Further to the HomePod firmware leaks, iHelp BR found an image in iOS 11 developer beta 7 that seems to show a HomePod pairing setup similar to that of the AirPods. This is further proof that an iOS device may be necessary to use HomePod.
It goes on to discuss how Siri is necessary in the setup, and the user will have to interact with voice commands from the HomePod, rather than the other way around. As expected, a Wi-Fi connection is needed to run the device and users will need an Apple ID, similar to requirements for both Google Home and Amazon Echo.
A trusted iOS developer on Twitter has mocked up below how this will look on iPhone:
This is how the HomePod setup will look like on an iPhone. pic.twitter.com/SARqsYslL6
— Guilherme Rambo (@_inside) August 22, 2017
Following this, another tweet was posted showcasing an interesting way of pairing the HomePod – using sound. Per the screenshot in the below tweet, it seems as if iOS users will be able to use audio pairing to hook up the HomePod, rather than using a standard passcode.
Of course, Apple hasn’t confirmed any such detail, though we’re likely to find out a little more about the speaker at Apple’s September event.
One thing I missed about the HomePod setup: it can be done without manually typing the passcode, through audio. pic.twitter.com/GpCl5UY3az
— Guilherme Rambo (@_inside) September 2, 2017
The one thing we are familiar with already is Siri, and we know that is how we will interact with HomePod. Apple appears to be making a big marketing push to remind or persuade the public of all the things that Siri can do – witness the big-budget Siri advert starring Dwayne Johnson – and we’d imagine this is to prepare the way for the HomePod.
Apple has also made a point of emphasising its approach to privacy and security. The company claims the HomePod will only send any information to Apple’s servers after ‘Hey Siri’ is recognised, and that even then it will be “encrypted and sent using an anonymous Siri identifier”.
Future HomePod technology
Face ID in HomePod
The company that is building Apple’s HomePod smart speakers believes that future models could offer facial recognition.
Inventec Appliances President David Ho said: “Engineers are designing smart speakers that will not only come with voice recognition but also incorporate features such as facial and image recognition. Such AI-related features are set to make people’s lives more convenient and to make the product easier to use.”

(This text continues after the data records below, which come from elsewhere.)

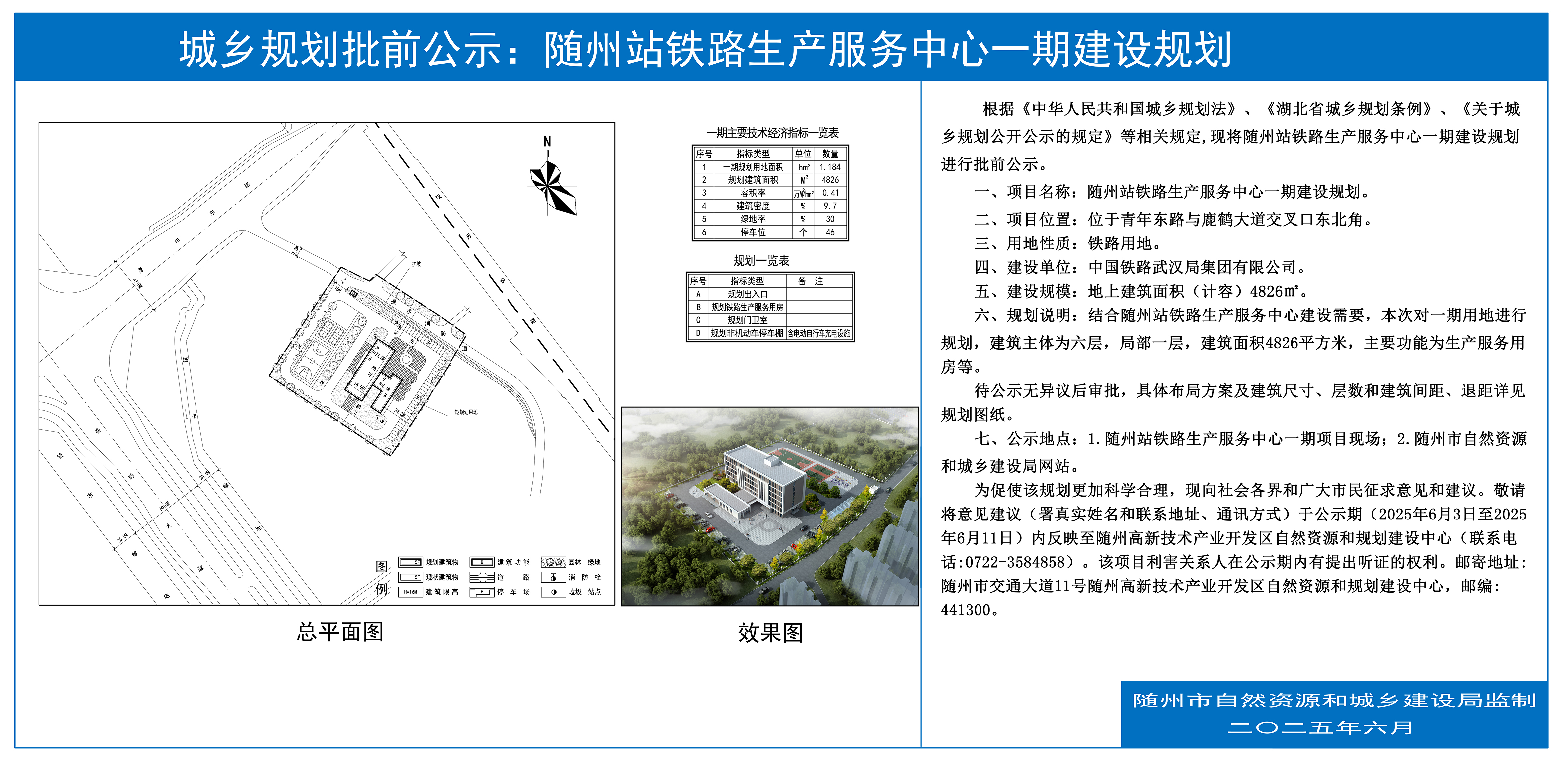 城鄉規劃批前公示:隨州站鐵路生產服務中心一期建設規劃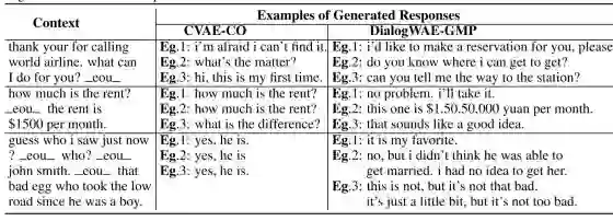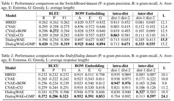 作者在两个开放域数据集Daliy Dialog(英语学习者使用的日常对话,13118组对话)和 Switchboard(2400组,70个话题,两人对话)上进行了实验,使用BLEU、BOW Embedding、intra-dist等作为衡量指标,结果表明在大多数情况下比现有的方法好的多。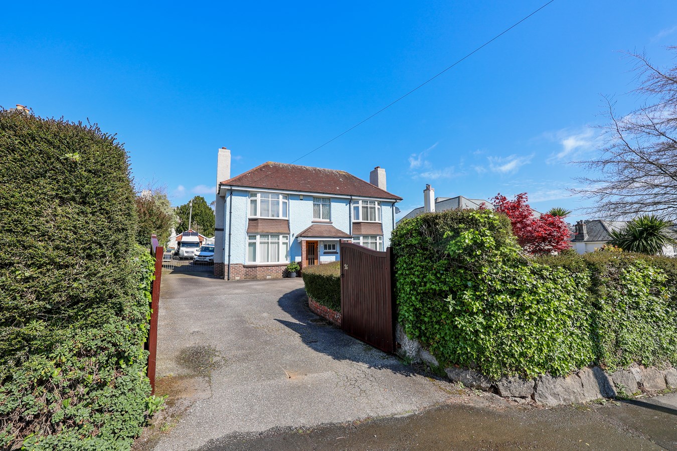 The property is accessed via a wooden gated entrance, leading to an extensive tarmac driveway with ample parking for multiple vehicles. The front border ensures excellent privacy, framing a formal lawn and a slightly sunken garden, enclosed by a brick wall and a lush shrub border for added character.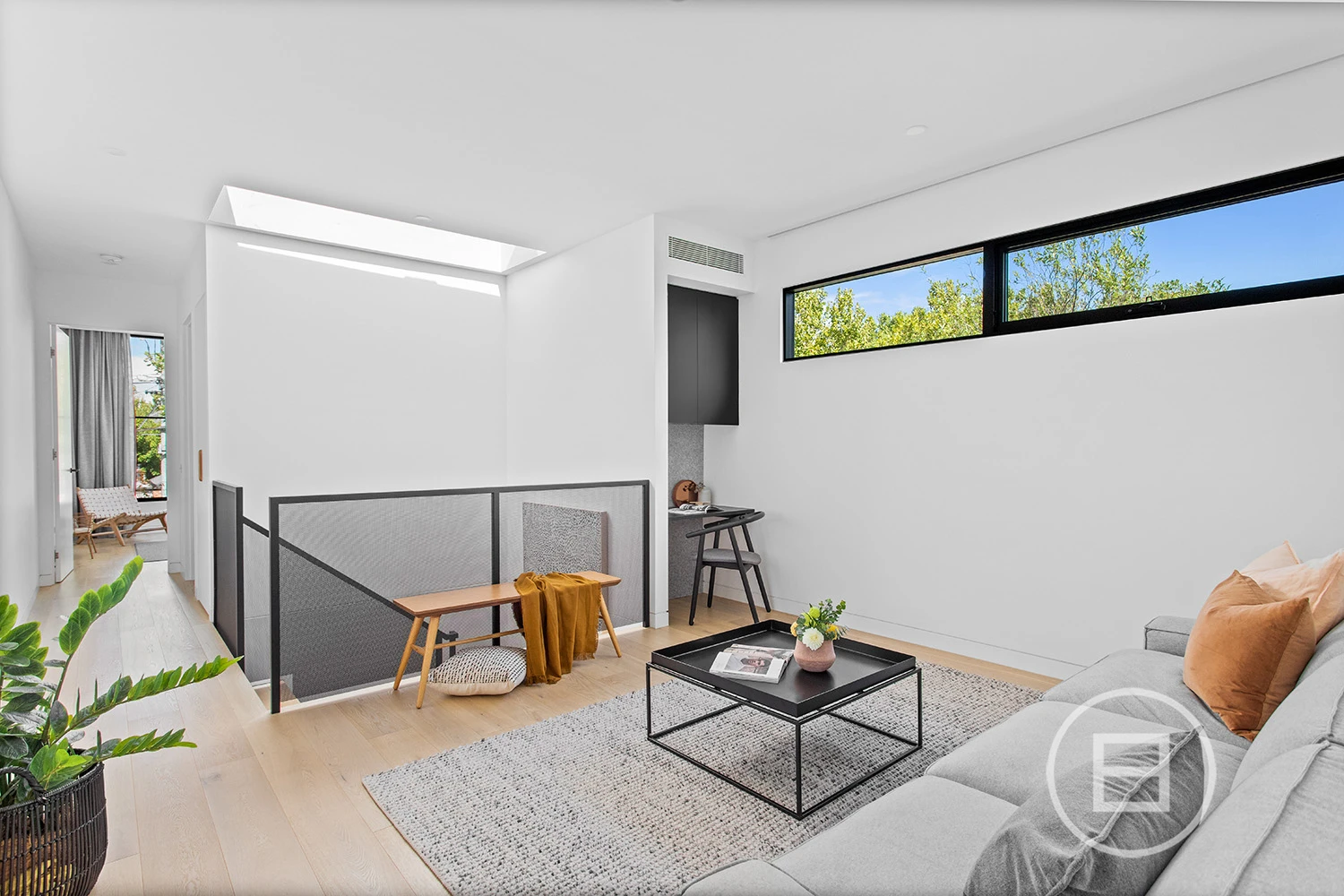 Upstairs of the residence you’ll find a large second living area which separates 2 further large bedrooms and a main bathroom with freestanding bath.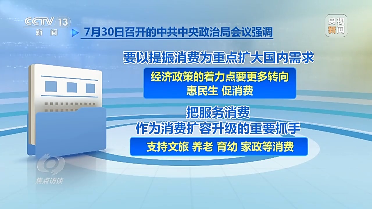 服務消費是釋放消費潛力的重要力量。7月30日召開的中共中央政治局會議強調,“要以提振消費為重點擴大國內需求,經(jīng)濟政策的著力點要更多轉向惠民生、促消費,把服務消費作為消費擴容升級的重要抓手,支持文旅、養(yǎng)老、育幼、家政等消費。”國務院于8月3日印發(fā)《關于促進服務消費高質量發(fā)展的意見》,提出“著力提升服務品質、豐富消費場景、優(yōu)化消費環(huán)境,以創(chuàng)新激發(fā)服務消費內生動能,培育服務消費新增長點”。這是我國首次專門就服務消費發(fā)展作出系統(tǒng)全面部署的政策文件。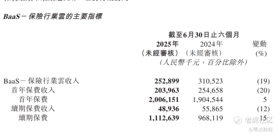 2023年上半年,保险行业云产生的收入为3.19亿元,2024年同期为3.10亿元,同比下滑3%,今年上半年进一步下滑至2.52亿元,同比下滑19%。不过,成交的保费上涨了9%,为31.18亿元。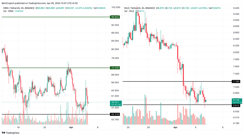 반대로 WLD는 3월 말 이후 가치가 약 30% 하락하며 약세 추세에 직면했습니다. 현재는 6.61달러 지지선 부근에서 움직이고 있습니다.
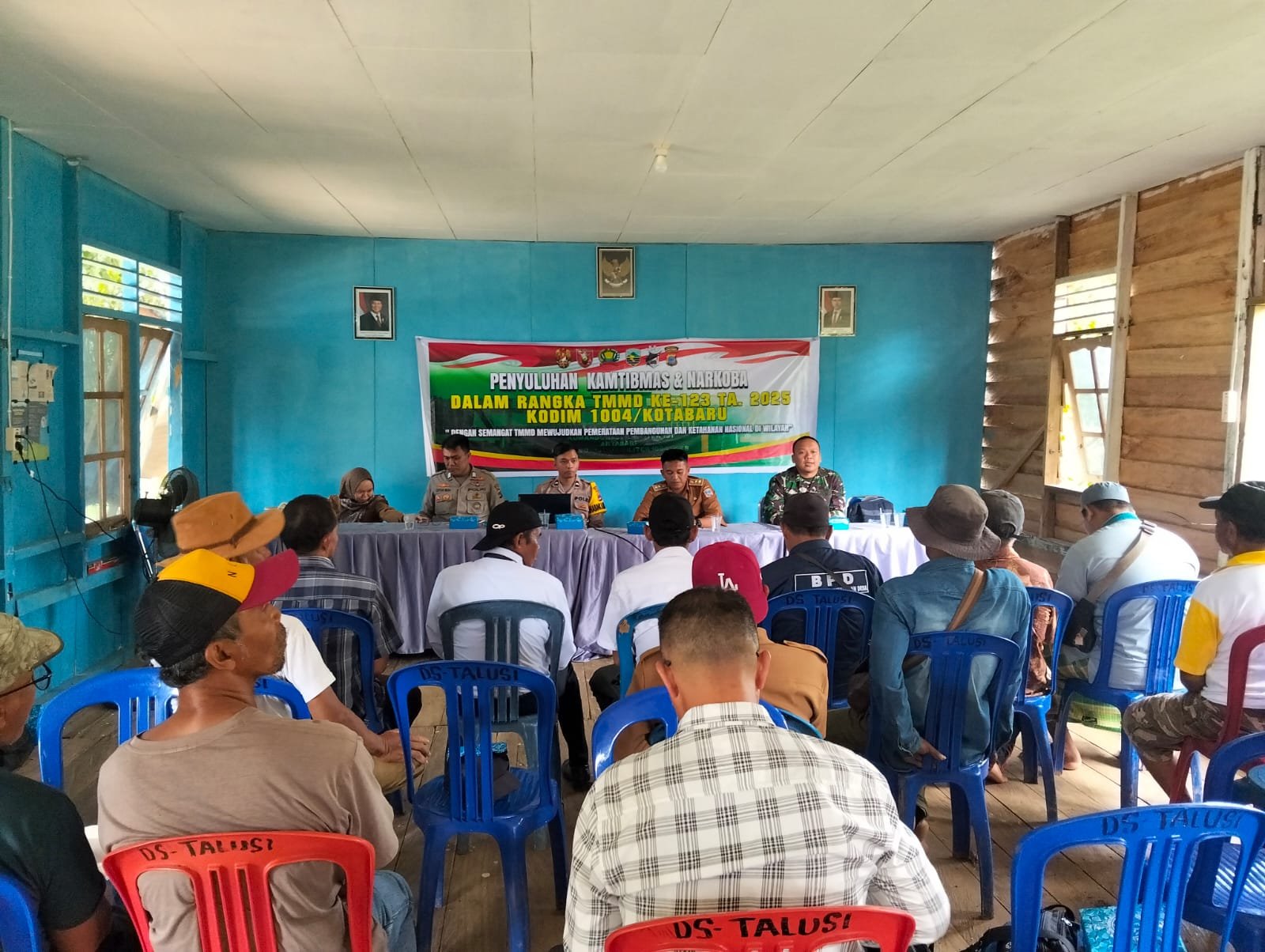 Suarawan, Kotabaru – Satuan Tugas (Satgas) Tentara Manunggal Membangun Desa (TMMD) ke-123 Kodim 1004/Kotabaru bersama Polsek Pamukan Selatan menggelar sosialisasi keamanan dan ketertiban masyarakat (Kamtibmas) serta pencegahan penyalahgunaan narkoba di Desa Talusi, Kabupaten Kotabaru.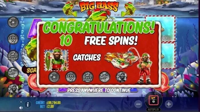 Deck the halls and all that - Christmas is just around the corner, so the Christmas 2023 slot games are ramping up. There is so much scope with a Christmas theme, take your pick from tinsel, trees, candy canes, Santa and stockings - the list is endless. In the background of this game, you'll see the usual Big Bass underwater scene complete with bubbles and weeds. This one randomly has candy canes, presents and fairy lights thrown in for a bit of seasonal good measure. At the top of the screen, the scene is quite different with an iced-over lake and snow-topped alpine houses. The bonus round has the same view with the addition of the progress bar at the top of the screen.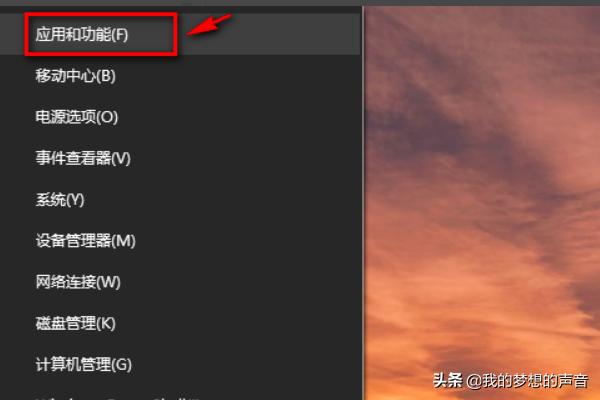 1、在桌面右键点击“win”键,选择“应用和功能”。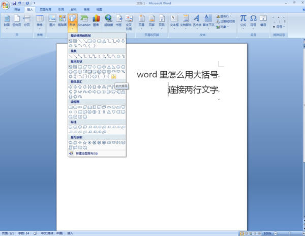 1.打开word后,输入两行文字,点击插入选项下的形状按钮,选择大括号;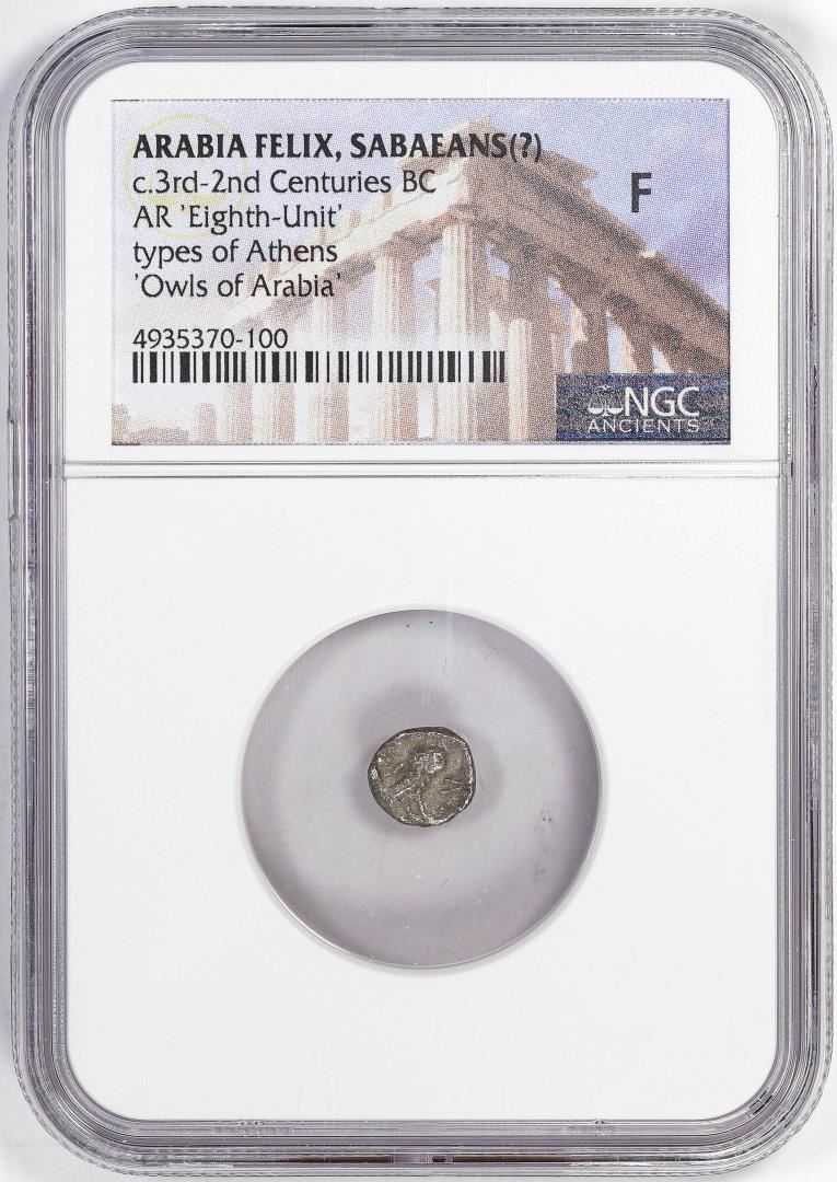 One Arabia Felix, Sabaeans c.3rd-2nd Centuries BC AR Eighth Unit Owl Ancient Coin NGC F. NGC Certified.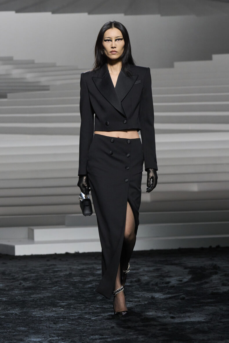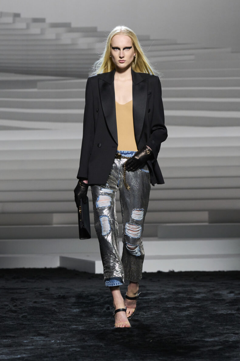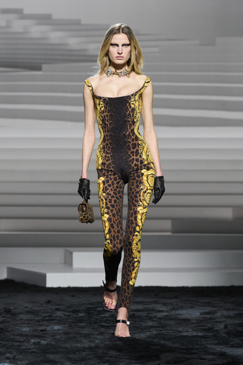Versace presented a collection that exuded confidence and boldness. The runway was characterized by punk hairstyles and heavy eyeliner, with a focus on details and fabric quality, featuring refined and finely crafted garments. The result was a sophisticated and sought-after collection that showcased a Maison keeping pace with the times and ready to conquer new frontiers of the fashion system.
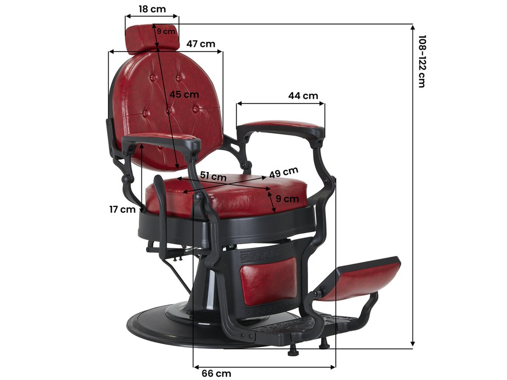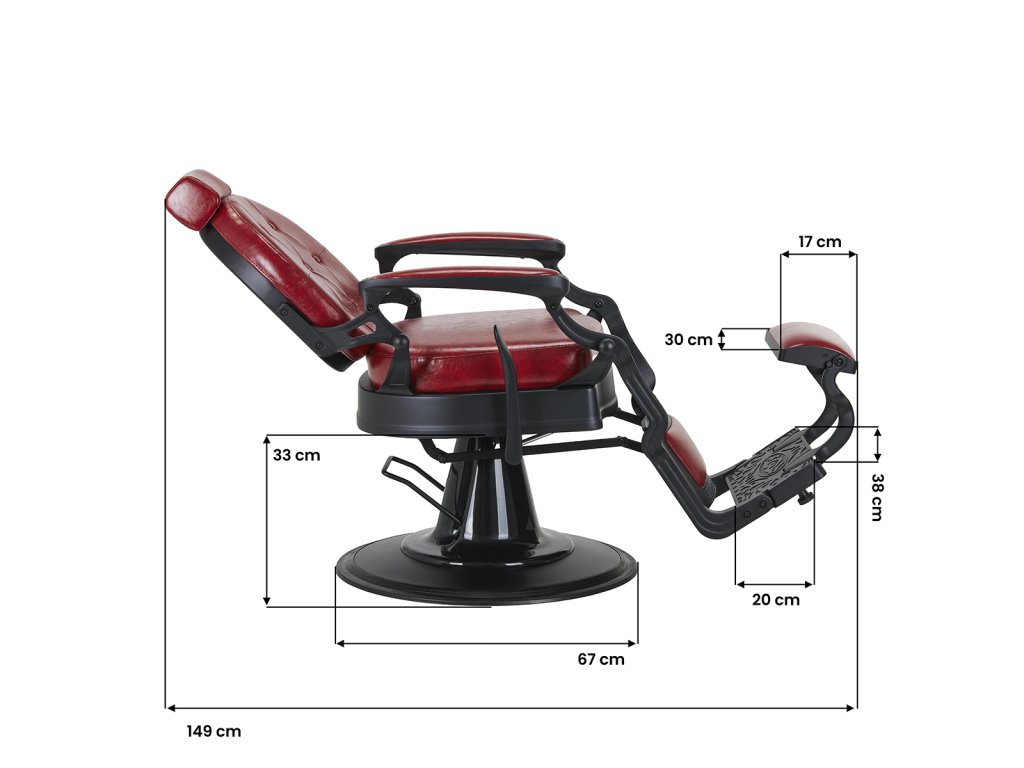 Ez a vintage stílusú barber szék nemcsak dekoratív, de rendkívül funkcionális is. A hidraulikus emelő segítségével az ülésmagasság 54–67 cm között állítható, még akkor is, ha a vendég a székben ül. A dönthető háttámla és az állítható lábtartó lehetővé teszi a kényelmes, félig fekvő pozíciót, ideális borotváláshoz vagy hajmosáshoz. A fejtámla akár 20 cm-rel meghosszabbítható, így minden vendég igényeihez könnyen igazítható.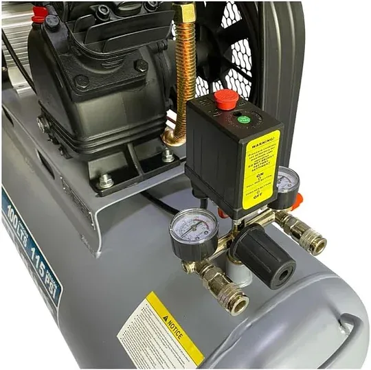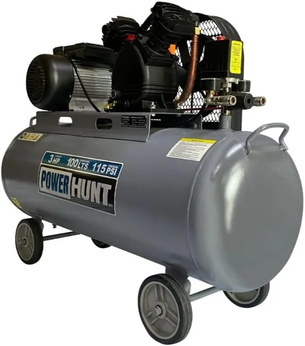 Compresor De Aire Eléctrico Portátil 100lts Power Hunt 3hp con banda y doble conexión rapida, presion de 8 bar/ 115 psi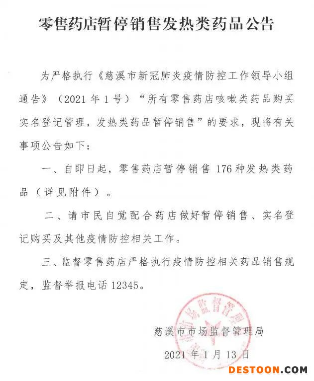 1月14日,余姚市市場監(jiān)督管理局發(fā)布《關(guān)于零售藥店暫停銷售發(fā)熱類藥品的公告》。

A version of the HomePod firmware released earlier in 2017 referenced facial recognition features, but it doesn’t seem like the HomePod will be getting Face ID as soon as December 2017.
Yuanta Investment Consulting analyst Jeff Pu said Apple could roll out HomePods with 3D-sensing cameras in 2019.
Apple audio patents
While this is probably a little late to be used in the first-generation HomePod, Apple was granted a patent for “A rotationally Symmetric Speaker Array”. In many ways, the technology is similar to what is said to be featured on the HomePod when it launches, but on a much larger scale.
The patent describes a system that, in theory, could automatically analyse the acoustics, adjust the sound based on the location of the speaker and direct the music towards the position of the listener.